Medialiterasi.id | Aceh Timur – Desakan memperketat perkara perceraian di Aceh Timur kini mengerucut pada penerapan syariat Islam secara kaaffah. Tokoh masyarakat bersama Abi Nazar dari Front Persaudaraan Islam FPI meminta Mahkamah Syar’iyah tidak hanya mengandalkan prosedur formil, tapi menegakkan rukun, syarat, dan adab perceraian sesuai Al-Qur’an, hadis, dan qaul ulama Aceh. Desakan disampaikan Rabu 17 Juni 2026.
1. Mediasi Syar’i Sebelum Gugatan Diterima
Tokoh masyarakat mengusulkan ishlah atau mediasi wajib ditempuh dulu sesuai QS An-Nisa: 35: “Jika kamu khawatir ada persengketaan antara keduanya, kirimlah hakam dari keluarga laki-laki dan hakam dari keluarga perempuan…”
Hakam ini diusulkan konkret: wali pihak perempuan, keluarga inti suami-istri, Majelis Adat Aceh, keuchik/reje, dan atasan langsung jika salah satu ASN. Tujuannya agar damai lebih diutamakan sebelum talak. Mahkamah Syar’iyah diminta menolak pendaftaran gugatan jika berita acara mediasi tingkat gampong belum lengkap.
2. Syarat Sah Talak & Peran Wali Perempuan
Dalam syariat, talak harus memenuhi rukun: suami yang baligh-berakal, istri yang masih dalam ikatan sah, lafaz talak jelas, dan tidak dalam keadaan talak bid’ah seperti saat haid/nifas atau saat baru digauli. Tokoh masyarakat menekankan, wali pihak perempuan wajib dilibatkan sejak mediasi untuk memastikan iddah dihitung benar dan tidak ada ruju’ yang terabaikan jika talak raj’i.
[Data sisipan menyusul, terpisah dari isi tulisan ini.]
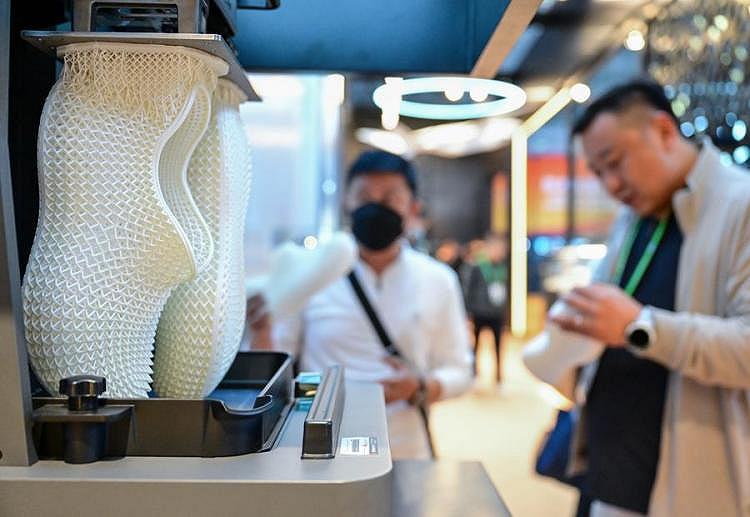 A pair of 3D-printed shoes is pictured at the Intelligent Industry and Information Technology exhibition area of the eighth China International Import Expo (CIIE) in east China’s Shanghai, Nov. 6, 2025. (Xinhua/Cai Xiangxin)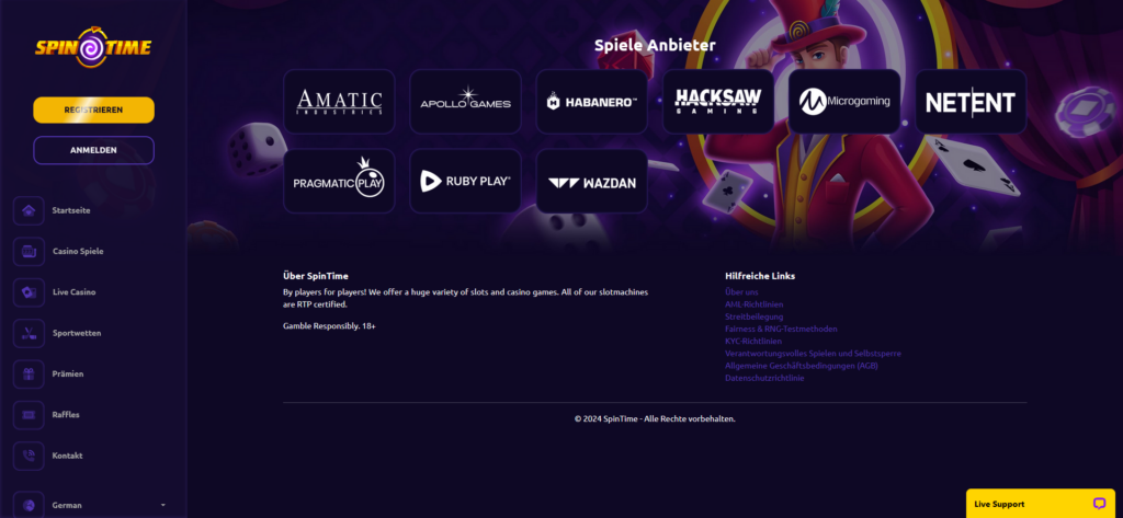 Das Spintime Casino ist ein Kryptocasino, was es für viele Spieler besonders interessant macht, aber andere gängige Zahlungsmethoden sind auch vorhanden. Zuletzt werden uns noch die neuesten Spiele vorgestellt, und dann sind wir bereits im Footerbereich, der uns die wichtigsten Informationen liefert: Die AGB, die Datenschutzbestimmungen, die KYC-Richtlinie und vieles mehr. Leider sind all diese Informationen ausschließlich auf Englisch verfügbar und auch nicht besonders übersichtlich aufbereitet – eine bessere optische Gliederung wäre sinnvoll.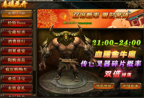 1.活动期间,玩家参与“多人副本-血腥回廊”,获得“传世灵器碎片”的概率翻倍;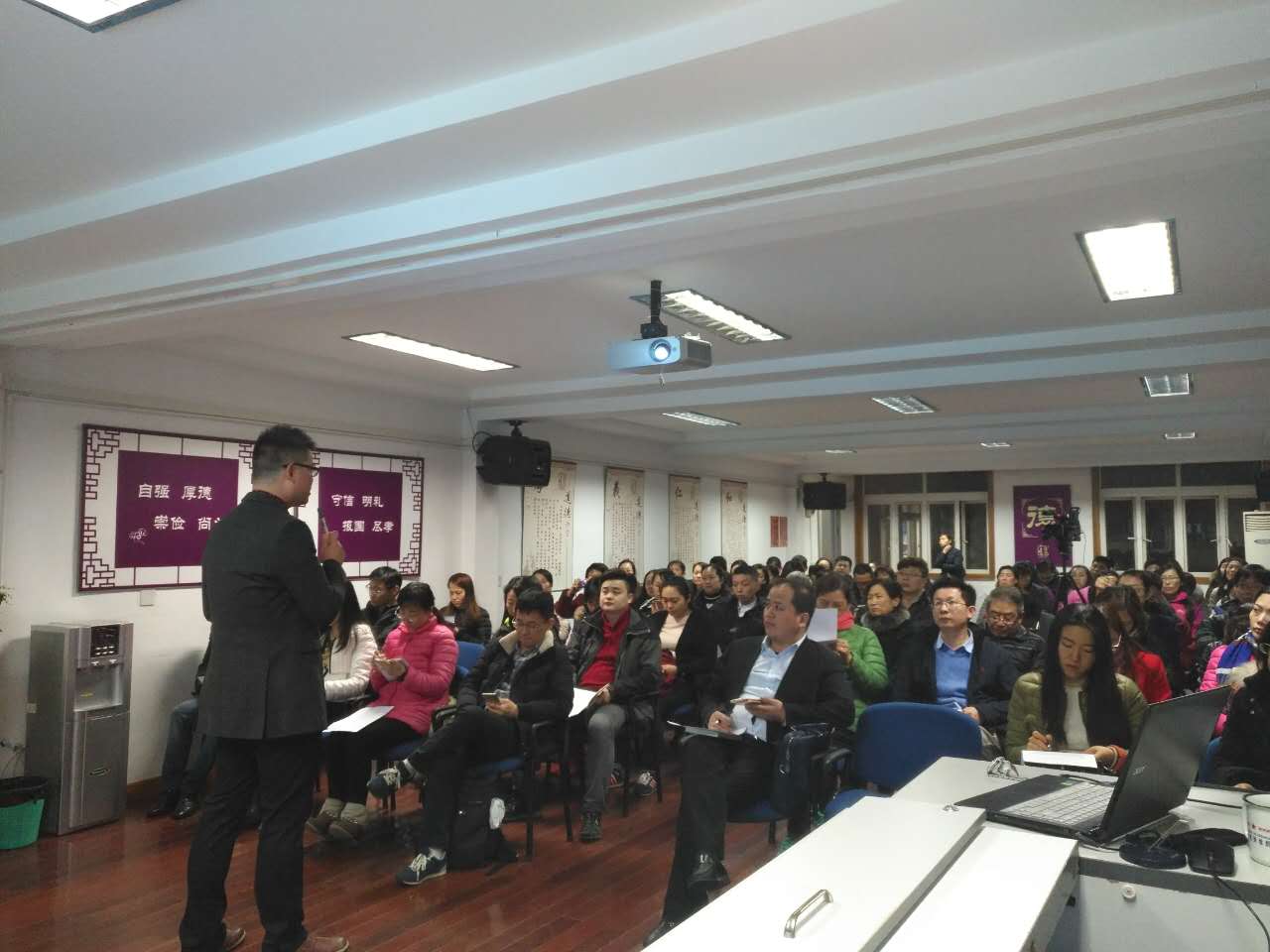 此次讲座,齐老师用轻松幽默的话语营造了一个愉悦的氛围, 家长们全神贯注,用笔和相机用心记录着,用笑声和掌声热情回应齐老师的提问。齐老师单刀直入,先给家长们几个值得思考的问题和关键字,简洁明了地反映了当前孩子们共同的心声。继而又剖析了家长在教育孩子过程中的疑惑和需要反思的两面,即自己的孩子和别人家孩子存在的差异。紧接着对症下药,介绍了心理学上关于人与人在气质上的差异以及9个维度,结合自己和女儿之间的亲身案例,和多年在教育领域收集的案例,给出切实可行的建议,即透过气质的眼睛,看到和理解孩子和自己在气质上的分歧点和契合点,根据孩子的气质,调整自己的期望,回应和规则、协调亲子的相处模式等,引起了现场家长们的反思和共鸣。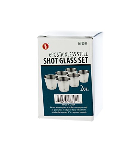 SE DJ-SG62 Stainless Steel Shot Glass Set Ii Capacity 2 Oz Ii Set of 6 Ii Great For Parties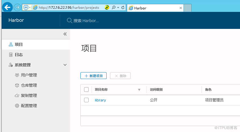 安装完后,访问 http://172.16.22.196,默认用户名admin,密码Harbor12345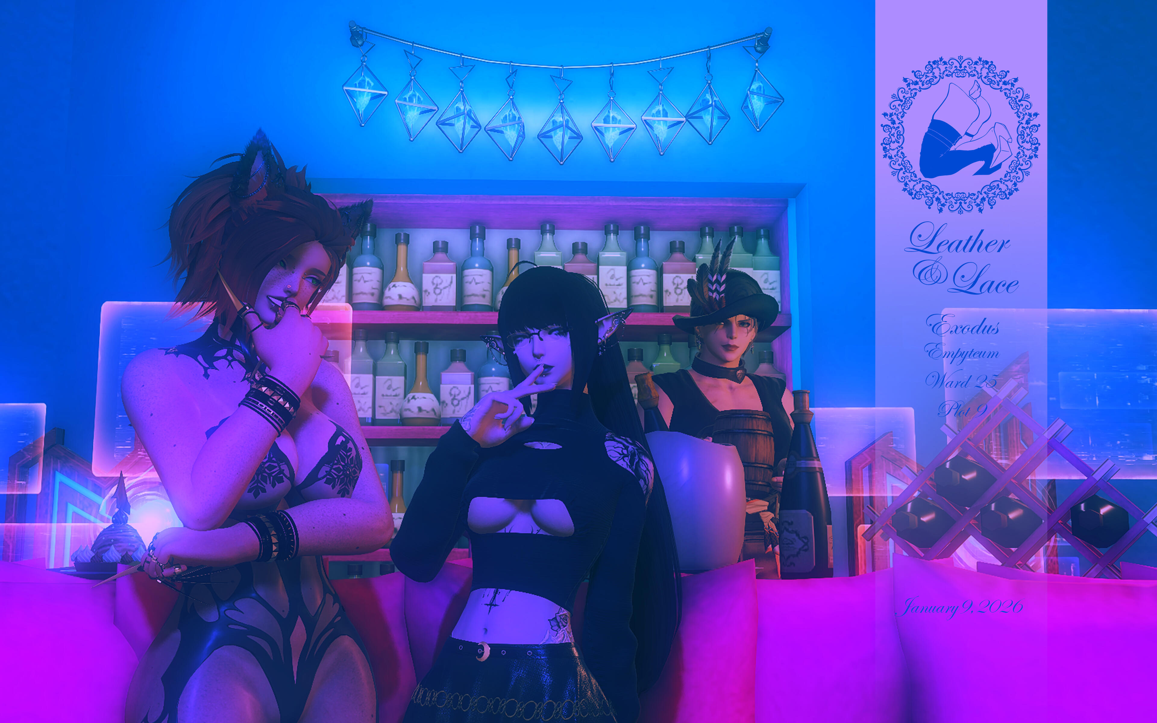 Leather & Lace is a 21+ NSFW FFXIV roleplay venue, founded by Stephie Mierqid and Krzystovia O'thuaidh. This project's objective is to create a fun and exciting roleplay space free of hype, drama, and other extraneous rubbish. Our staff are skilled roleplayers, dedicated to creating a casual and character-driven experience for all of our guests. Central to our philosophy are the following tenets: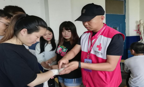 5月14-15日,陕西省红十字应急救护员培训班在我校1号楼508教室举行,共有52名师生参加培训。陕西省红十字会今年在我校开设2期培训班,临潼、咸阳校区各举办一期公益性应急救护员培训。4月临潼校区培训工作已顺利结束,至此,本年度红十字应急救护培训工作圆满完成。 本期培训班为期2天,由陕西省红十字会的救护培训资深师资史晔灵、韩晶老师担任本次培训主讲工作,培训内容包括“红十字基础知识”、“救护概论及心肺复苏”“创伤救护”“常见急症处理”等,通过理论+实践+操作考核的授课方式,考核合格者发放陕西省红十字会“现场救护资格证”。老师风趣、专业的授课方式,深受学员喜爱,课堂气氛热烈,互动频繁。 通过两天的培训和练习,最终有47人顺利通过考核,有效掌握了心肺复苏、局部包扎等日常应急救护知识和技能,提高了我校师生的自我保护和救助他人的能力。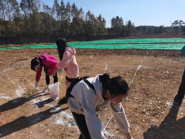 这次活动需要将二师校徽等比放大到空地上,校徽是二十风貌的展现,因此需要精准的等比例放大。在傅老师的指导下,同学们将校徽图案以二横五竖拆分成18个小块区域并且在转折处精准定点,大致确定后同学们自成小组负责本组所在区域。期间同学们配合默契,交流合作,这不仅仅彰显了艺院学子团结一体,脚踏实地,勇于担当的精神风貌,更展现出二师学子将所学运用于实际的实践能力。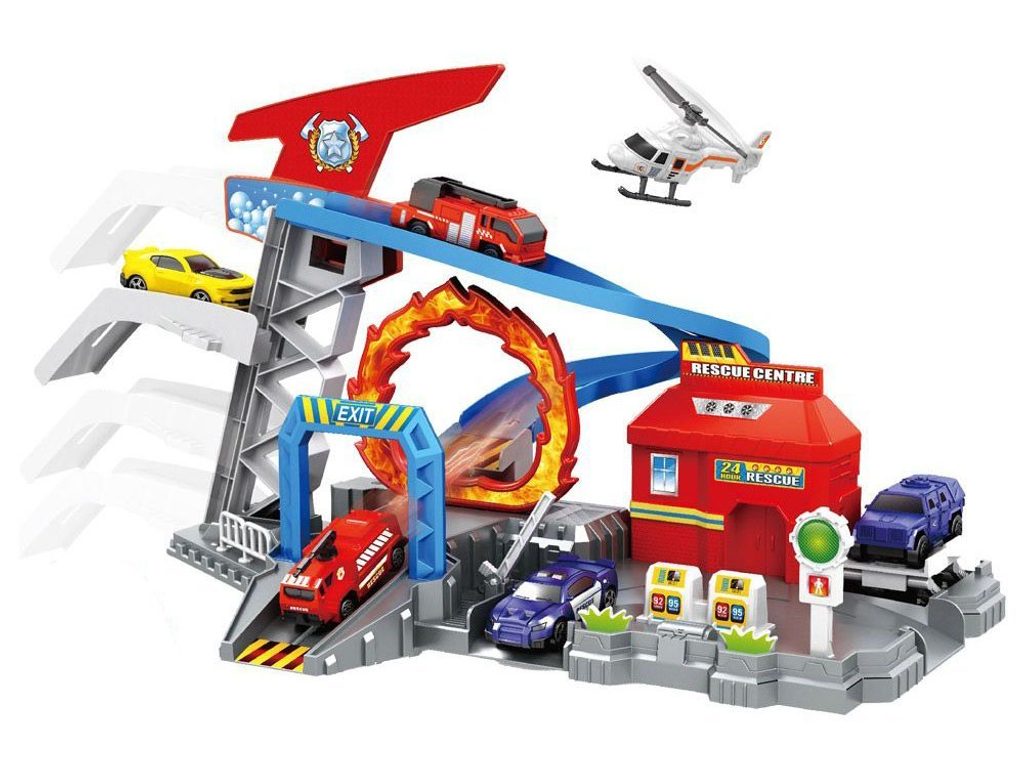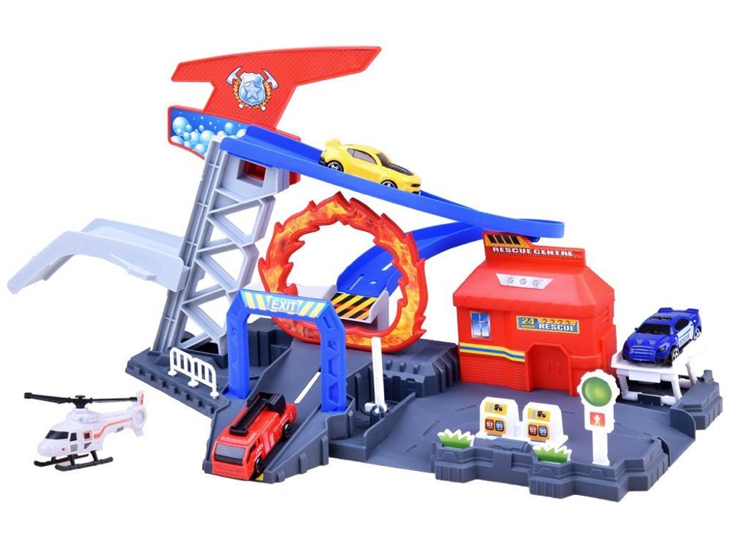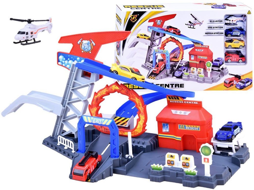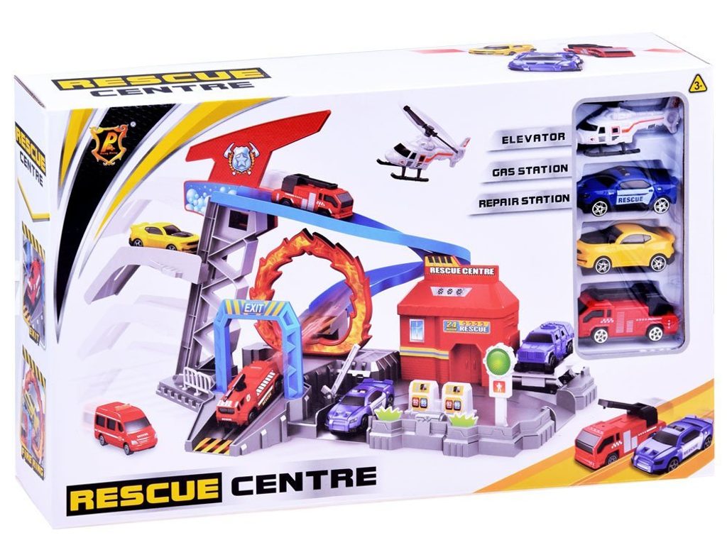 Kompletně vybavené záchranné centrum se 3 autíčky, helikoptérou a příslušenstvím Rescue Centre. Součástí centra je pohyblivý zvedák aut, výtah na ruční pohon, skluzavka, benzínové stojany, semafor, závora a hlavní budova. Mladý motoristický nadšenec zde nalezne vše co potřebuje. Hračka je vyrobena z plastu bez ostrých hran. Je učena pro děti od 3 let věku.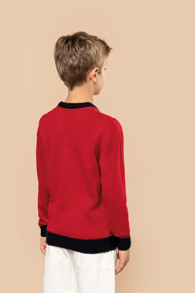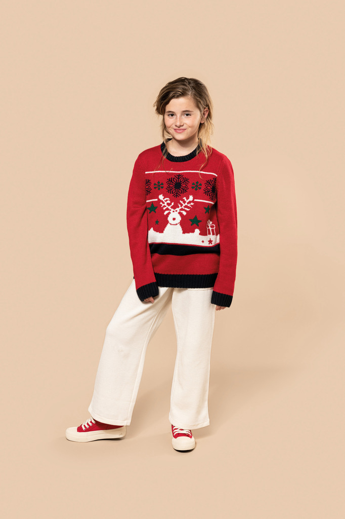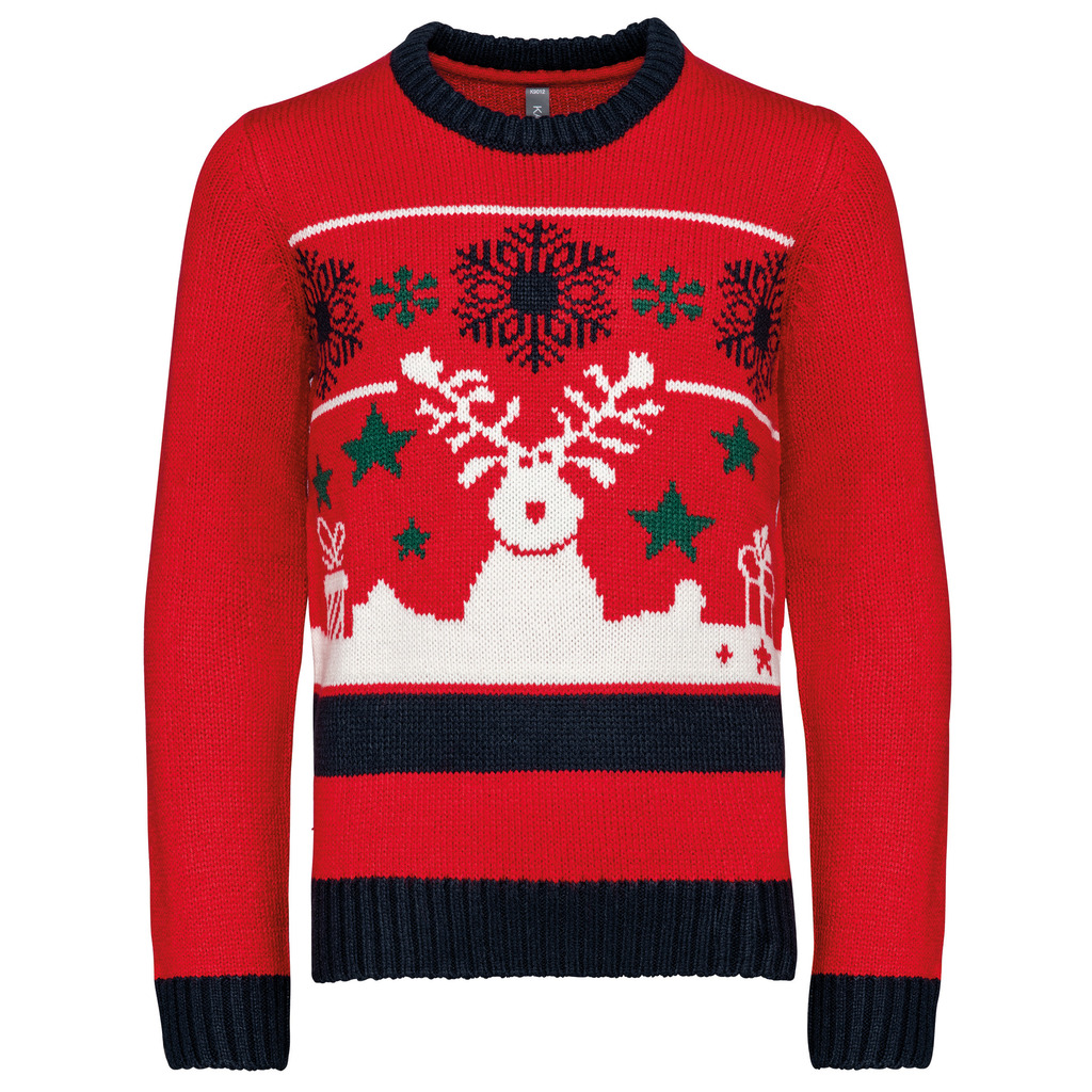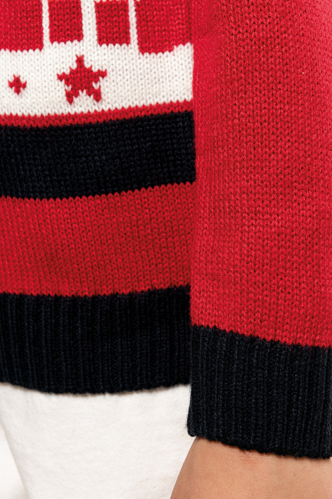 100% acrÃlico. 357g / m². Corte justo. Arqueado 5. Malha intarsia com motivos de Natal na frente, Muito fashion: tricotada na forma e montada na máquina das malhas. Decote redondo. Acabamento malha rib 2 x 2 em contraste no decote, nos punhos e na bainha. Elastano na malha rib nos punhos e na bainha, para evitar que a camisola se deforme. Tapa-costuras tom sobre tom na cor predominante. Sem etiqueta de marca no decote, apenas com indicação de tamanho para facilitar a personalização.

3. Ketentuan Iddah & Masa Tunggu Dijaga Ketat
Masa iddah jadi sorotan utama. Untuk perempuan ditalak dan masih haid: 3 kali quru’ QS Al-Baqarah: 228. Untuk yang menopause/hamil: sampai melahirkan QS At-Talaq: 4. Mahkamah Syar’iyah diminta menolak pendaftaran nikah baru jika akta cerai terbit tapi masa iddah belum selesai. Ini untuk menjaga nasab anak agar tidak tercampur, sesuai kaidah “al-walad lil firasy” – anak dinasabkan ke suami sah.
4. Harta Gono-Gini & Kewarisan Sesuai Faraid
Untuk harta bersama, tokoh masyarakat minta hakim merujuk kaidah syirkah dan ‘urf Aceh, tapi tetap tidak bertentangan dengan Al-Qur’an QS An-Nisa: 7-12 tentang waris. Jika ada sengketa gono-gini, pembagiannya harus setelah utang, wasiat, lalu baru waris. MPU dan alim ulama diusulkan jadi Dewan Pertimbangan Syariat agar ijtihad hakim tidak keluar dari nash.
5. Ulama MPU Jadi Dewan Pertimbangan Putusan
Usulan paling krusial: setiap putusan cerai, itsbat nikah, dan kewarisan wajib dimintakan fatwa pertimbangan MPU Kabupaten/Provinsi. Alasannya: “fas-aluahladz dzikri inkuntumlata’lamun” QS An-Nahl: 43. Ulama dianggap lebih memahami maqashid syariah: hifzhun nasl menjaga keturunan, hifzhunmaal menjaga harta, dan hifzhud diin – menjaga agama.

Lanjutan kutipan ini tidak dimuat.